## [COLLECTED DATA]
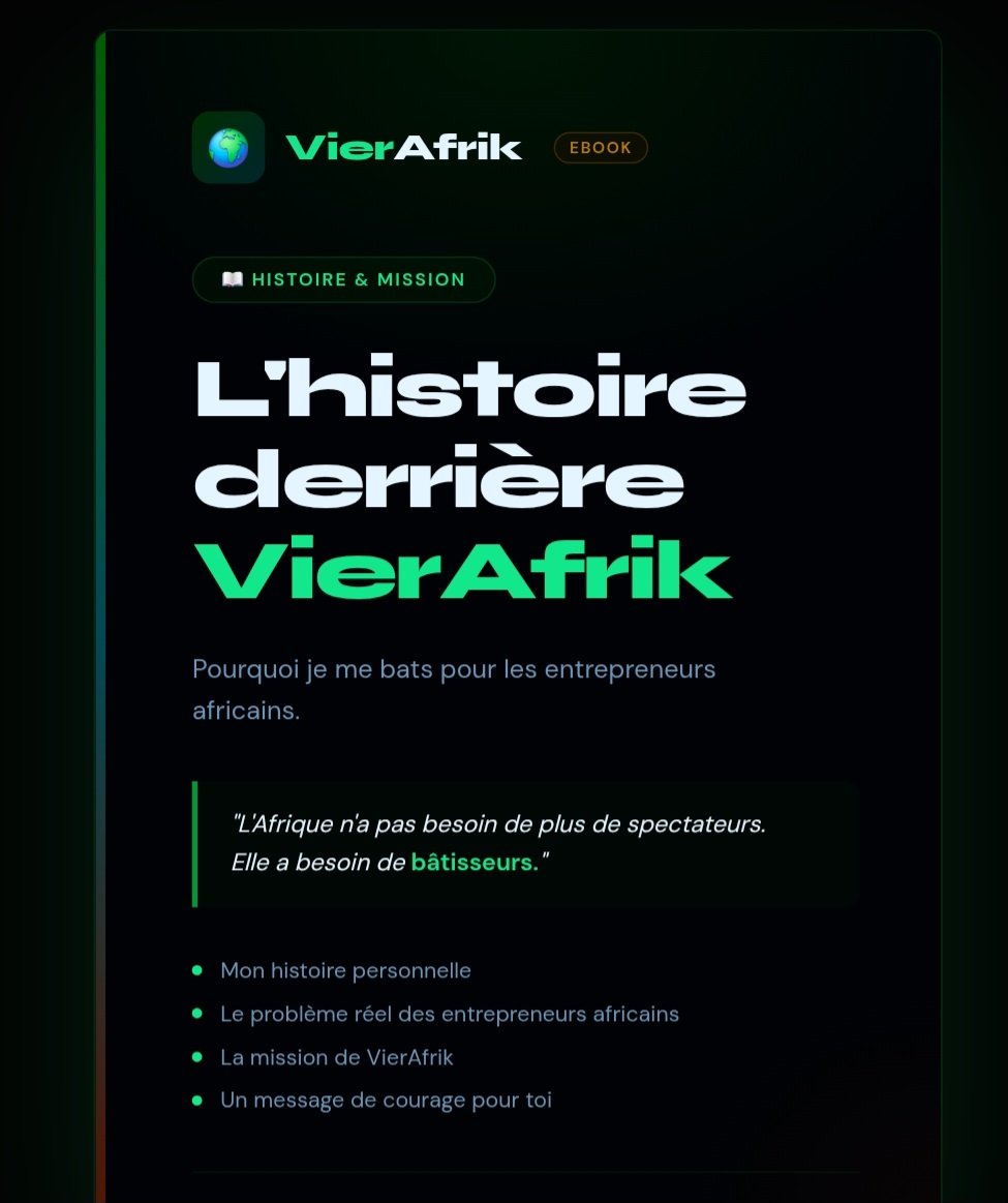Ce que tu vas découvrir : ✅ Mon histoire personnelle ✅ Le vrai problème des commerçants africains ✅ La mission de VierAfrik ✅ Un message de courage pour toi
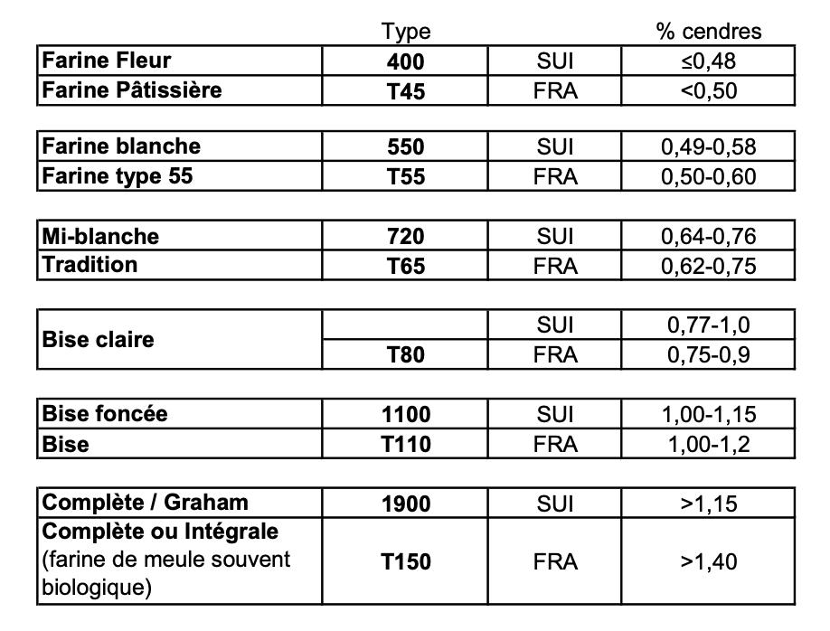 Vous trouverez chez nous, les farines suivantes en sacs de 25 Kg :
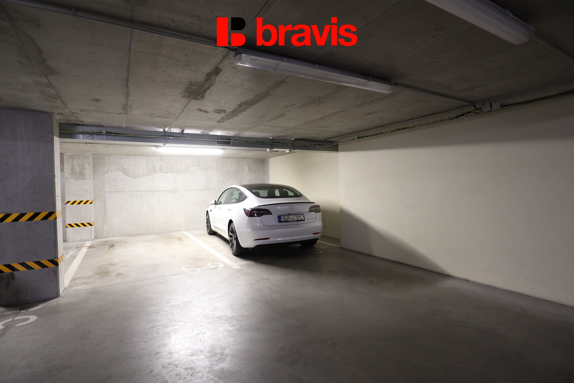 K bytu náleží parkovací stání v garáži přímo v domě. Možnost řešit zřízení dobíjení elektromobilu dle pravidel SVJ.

## [WHAT YOU SHOULD DO]
Pictures are to be left out; all other data must be returned exactly.

## [ANSWER]
Ce que tu vas découvrir : ✅ Mon histoire personnelle ✅ Le vrai problème des commerçants africains ✅ La mission de VierAfrik ✅ Un message de courage pour toi
 Vous trouverez chez nous, les farines suivantes en sacs de 25 Kg :
 K bytu náleží parkovací stání v garáži přímo v domě. Možnost řešit zřízení dobíjení elektromobilu dle pravidel SVJ.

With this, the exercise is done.